DATASET SECTION: Begin

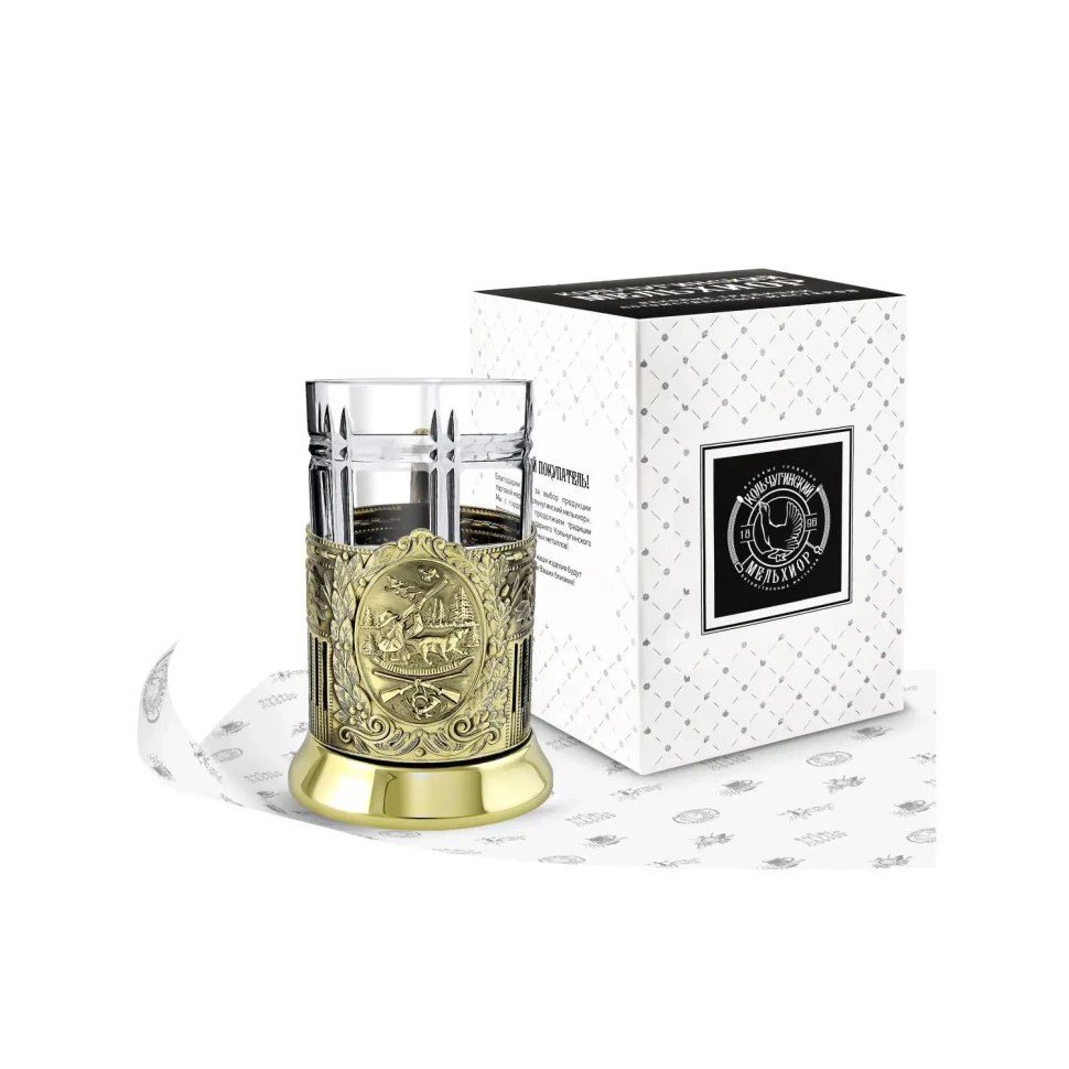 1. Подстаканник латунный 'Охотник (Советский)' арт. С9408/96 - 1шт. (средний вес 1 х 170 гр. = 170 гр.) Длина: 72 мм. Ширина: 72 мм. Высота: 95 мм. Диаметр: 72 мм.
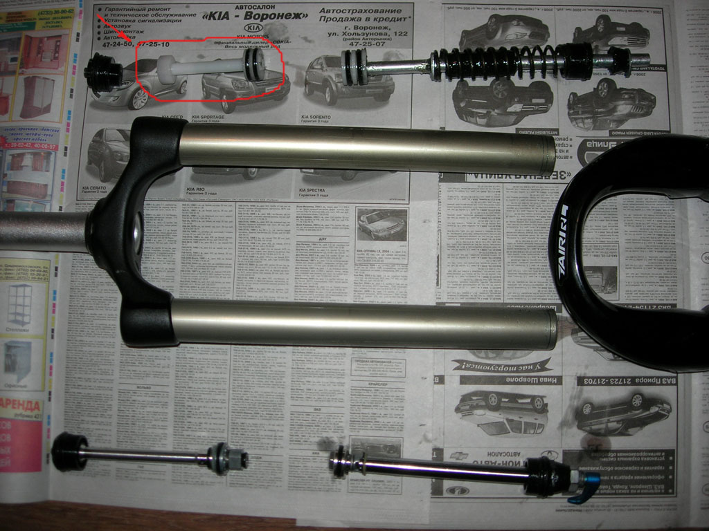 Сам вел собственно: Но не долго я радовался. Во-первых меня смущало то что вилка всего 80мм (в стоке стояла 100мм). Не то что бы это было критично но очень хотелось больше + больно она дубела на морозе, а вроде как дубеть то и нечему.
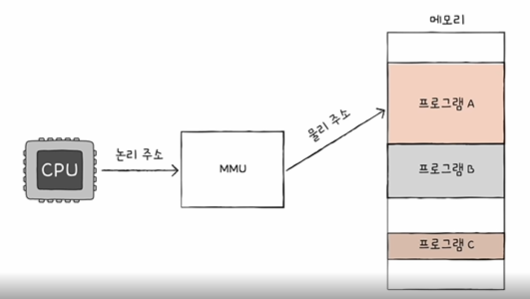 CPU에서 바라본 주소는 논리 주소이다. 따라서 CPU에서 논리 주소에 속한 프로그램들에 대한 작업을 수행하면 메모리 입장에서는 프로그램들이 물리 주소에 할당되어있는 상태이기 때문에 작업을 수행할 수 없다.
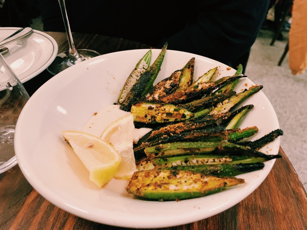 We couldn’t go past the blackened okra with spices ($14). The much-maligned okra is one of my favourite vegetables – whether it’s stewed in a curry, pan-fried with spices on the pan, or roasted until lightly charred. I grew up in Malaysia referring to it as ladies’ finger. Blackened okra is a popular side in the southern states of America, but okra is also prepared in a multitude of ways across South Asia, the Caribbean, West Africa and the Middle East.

DATASET SECTION: End

▶ WHAT THE TASK REQUIRES
Leaving pictures out, output the lines of the data above from the one with "Сам вел собственно: Но" through the one with "CPU에서 바라본 주소는", word for word.

▶ SOLUTION
 Сам вел собственно: Но не долго я радовался. Во-первых меня смущало то что вилка всего 80мм (в стоке стояла 100мм). Не то что бы это было критично но очень хотелось больше + больно она дубела на морозе, а вроде как дубеть то и нечему.
 CPU에서 바라본 주소는 논리 주소이다. 따라서 CPU에서 논리 주소에 속한 프로그램들에 대한 작업을 수행하면 메모리 입장에서는 프로그램들이 물리 주소에 할당되어있는 상태이기 때문에 작업을 수행할 수 없다.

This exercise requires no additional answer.